§ **Assignment**
Wherever a line of the records contains "allows", copy that line.

▬▬▬

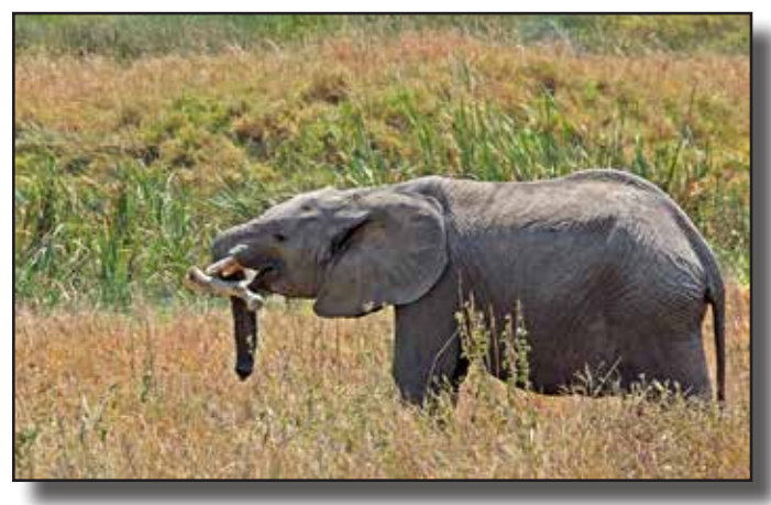
"African Elephant Calf Teething on Elephant Femur"
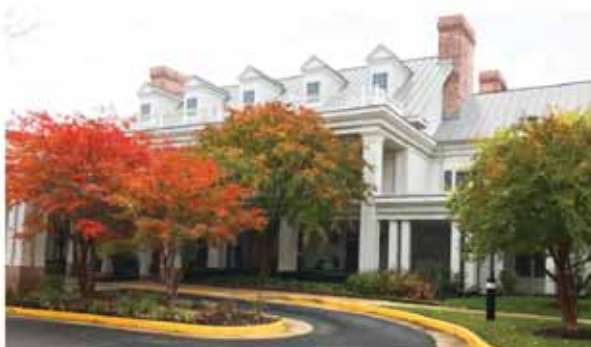
AARONDALE Springfield • 703-813-1800 Serving residents since May 1998
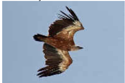
Eurasian Griffon Vulture, Kensington Cliffs, 19 th May.

EURASIAN GRIFFON VULTURE Gyps fulvus Γύπας
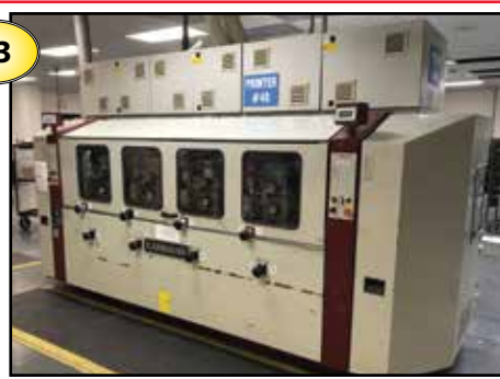
(13) KAMMANN 4-Color Screen Printers
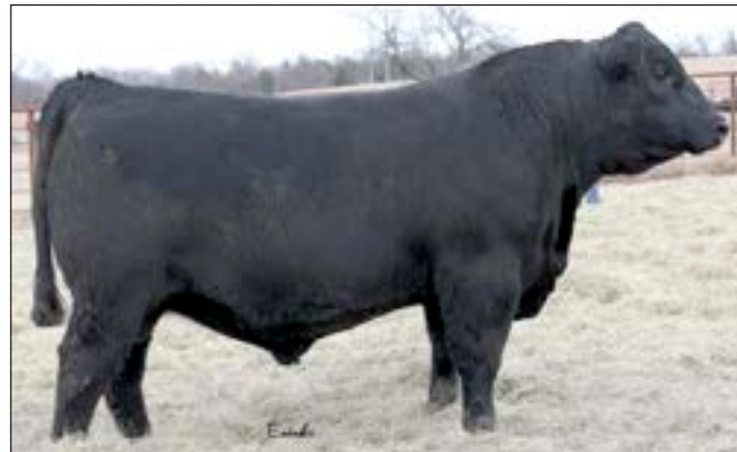
KLA GENERAL 949 - Lot 44
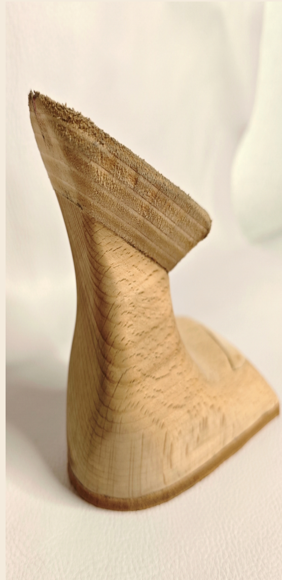
HAND-SHAPED VEG TAN HEEL LIFTS & BEECH WOOD BASE

A structural heel material referencing traditional shoe lasts
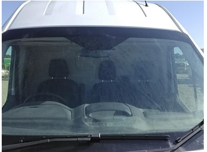
4: Screen Front Chipped UpTo 10mm
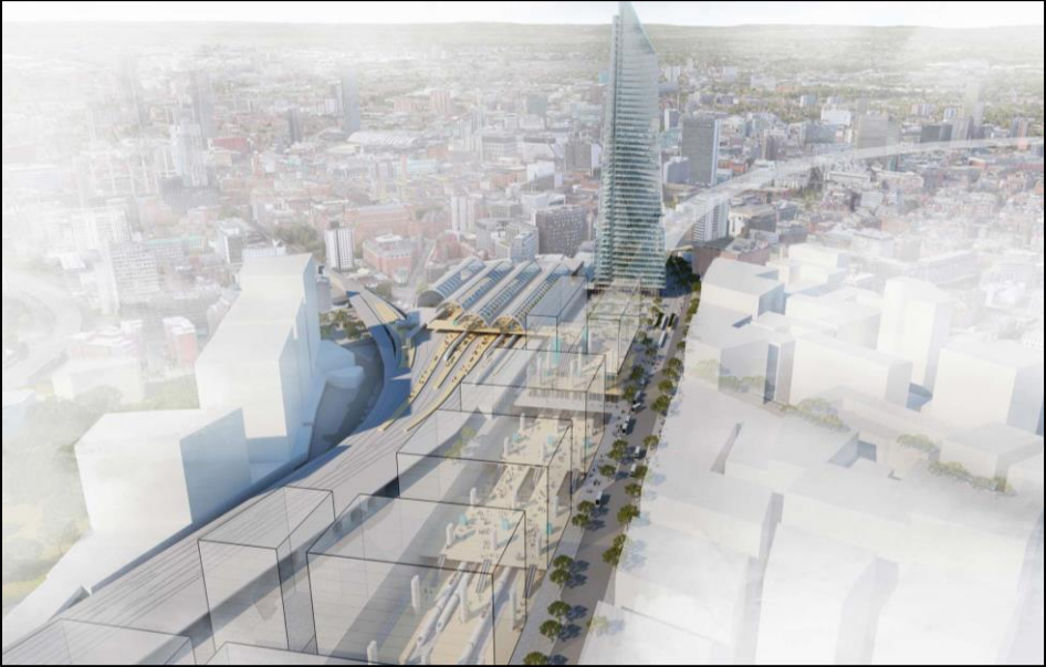
Manchester Piccadilly Underground Station as proposed by Weston Williamson
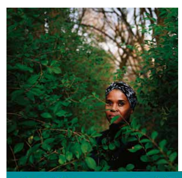
Brontë Parsonage MUSEUM

Residents living in BD20, BD21 are BD22 are eligible for a Local Resident admission rate of £7.50 with proof of address. Tickets are valid for 12 months after issue, meaning visitors can return and continue to enjoy the Museum as the exhibits change throughout the year.
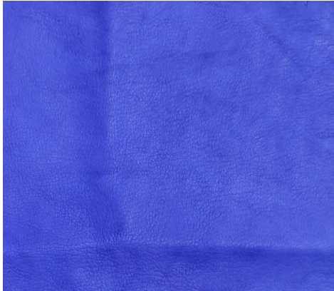
TOP DYEING - 2%
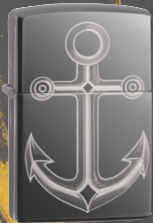
49028 BLACK ICE® LASER FANCY FILL $31.95
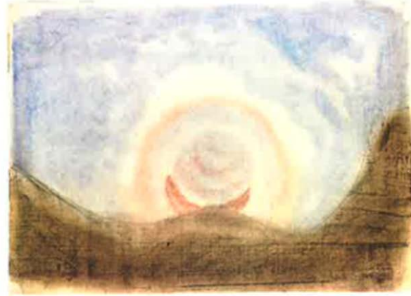
Rudolf Steiner, Nature Mood sketches: Moonrise (1922) and Moonset (1922) (Stebbing 2008, 98).
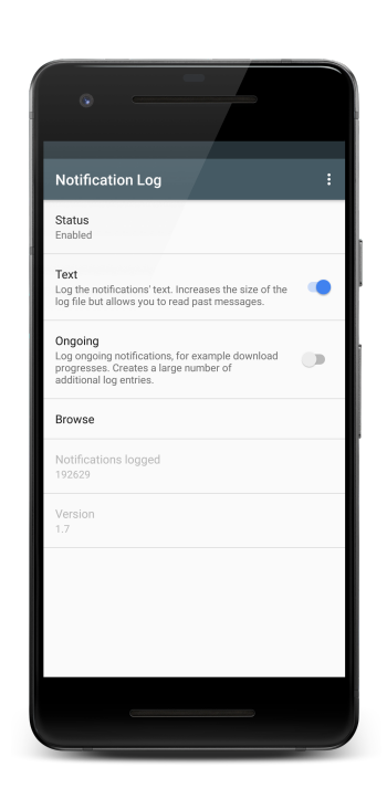
Figure 1: The settings screen allows users to control if and how notifications should be logged. The screen is extensible and allows for a simple integration of additional options.
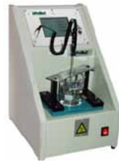
20-2200 自动球环实验仪 Automatic Ring and Ball Tester
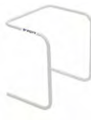
Fixed Height Bed Cradle BEA014605
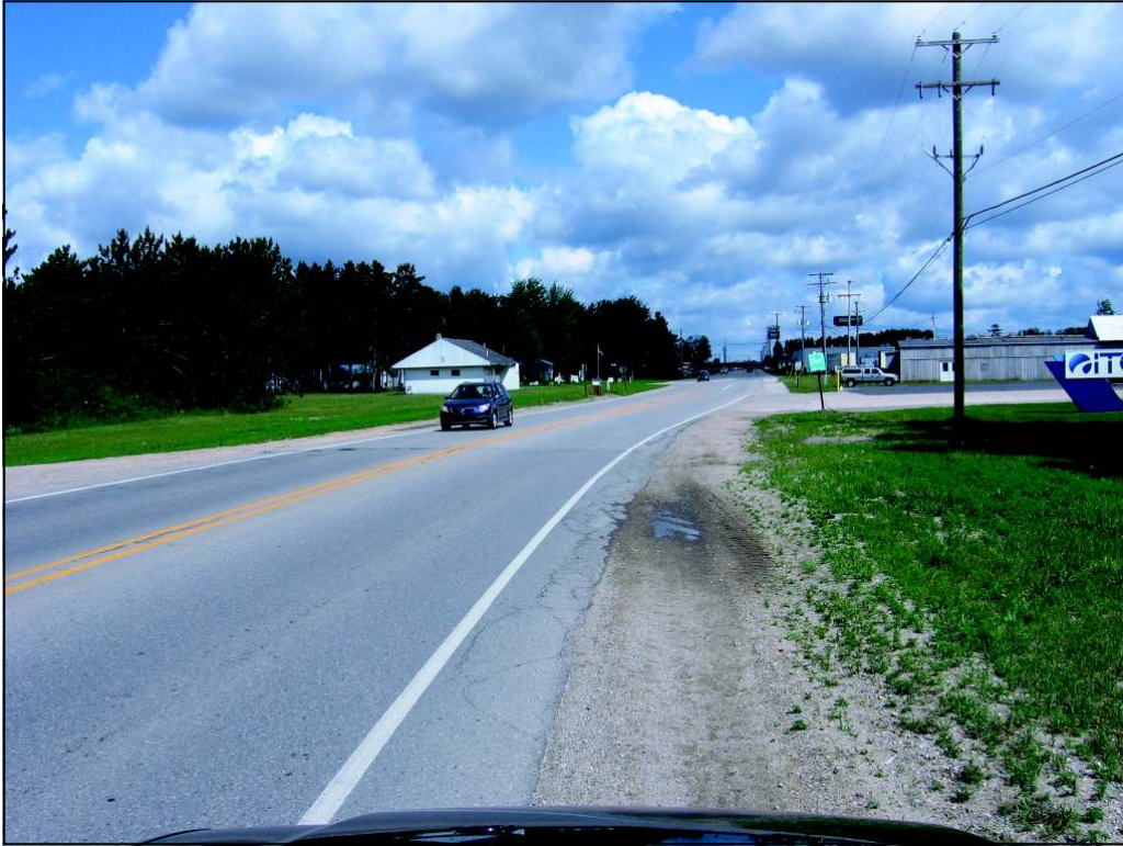
View of Dickerson Road looking north from the north end of the curve.
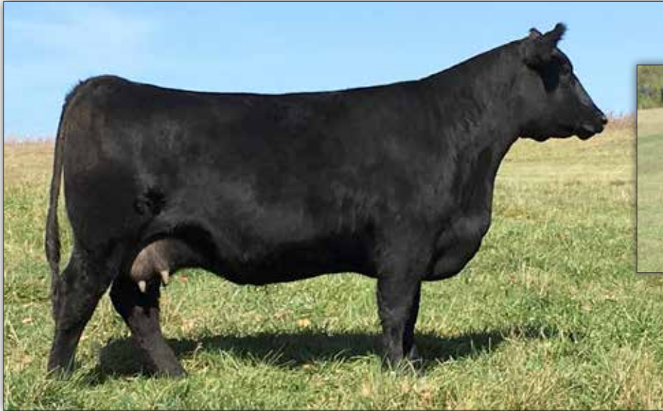
M Bar M Rita 802, Donor of Lot 31

M Bar M Cattle Company is a fall calving seed stock producer in NW Missouri. Concentrating on proven genetics, structure, environment and eye appeal allows them to produce cattle that excel in the pasture, perform on the rail and compete in the showing.
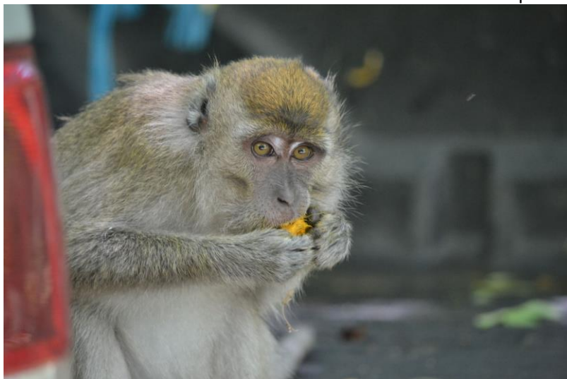
A long tail macaque.
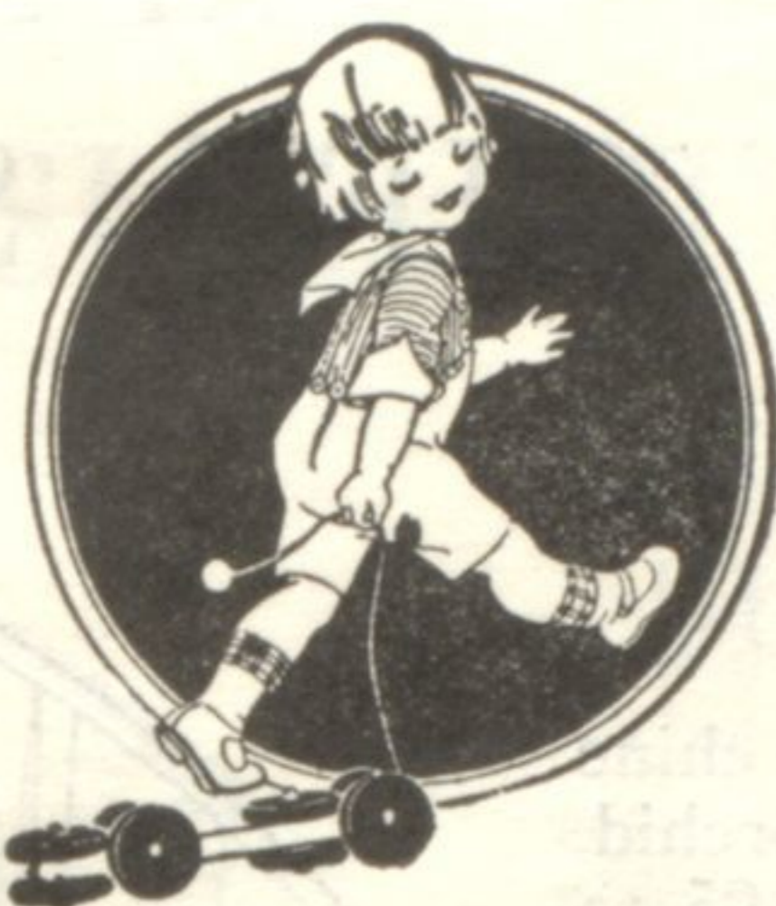
Lots of fun with Follo-Me Tinker $1.00

An Inkling of Toys That Will Make Happy Girls and Boys
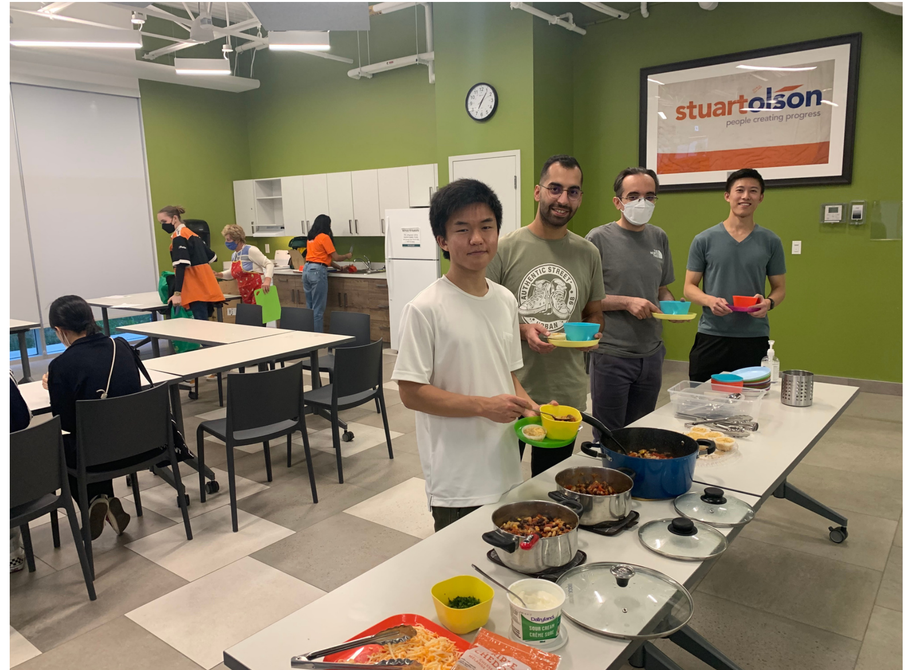
Weekly Thursday Campus Kitchen workshops
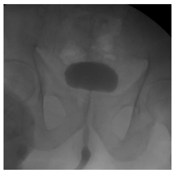
Figure 5. Cystogram performed after fistulectomy surgery

No extravasation was observed on the cystourethrogram performed after the postoperative first month ( Figure 5 ).
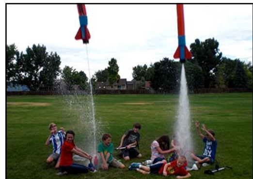
We Have Joy! A Double Rocket Launch.
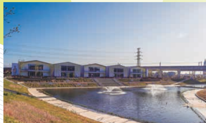
Retention basin integrated into park space
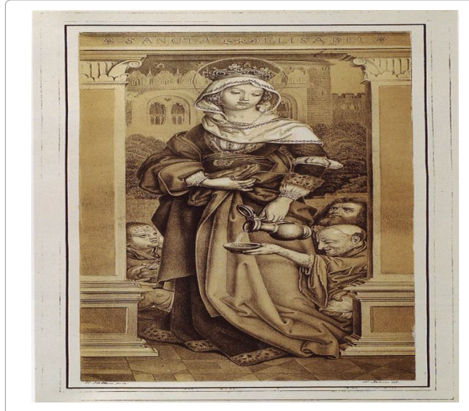
Figure 1: A chalk lithograph from the 16th century of Elisabeth personally helping the poor.

Of course literature focused on the topic "Saint Elisabeth" too. The book shown in Figure 3 was written by Alban Stolz was edited 50 times

▬▬▬

§ **Task answer**
Figure 1: The settings screen allows users to control if and how notifications should be logged. The screen is extensible and allows for a simple integration of additional options.
M Bar M Cattle Company is a fall calving seed stock producer in NW Missouri. Concentrating on proven genetics, structure, environment and eye appeal allows them to produce cattle that excel in the pasture, perform on the rail and compete in the showing.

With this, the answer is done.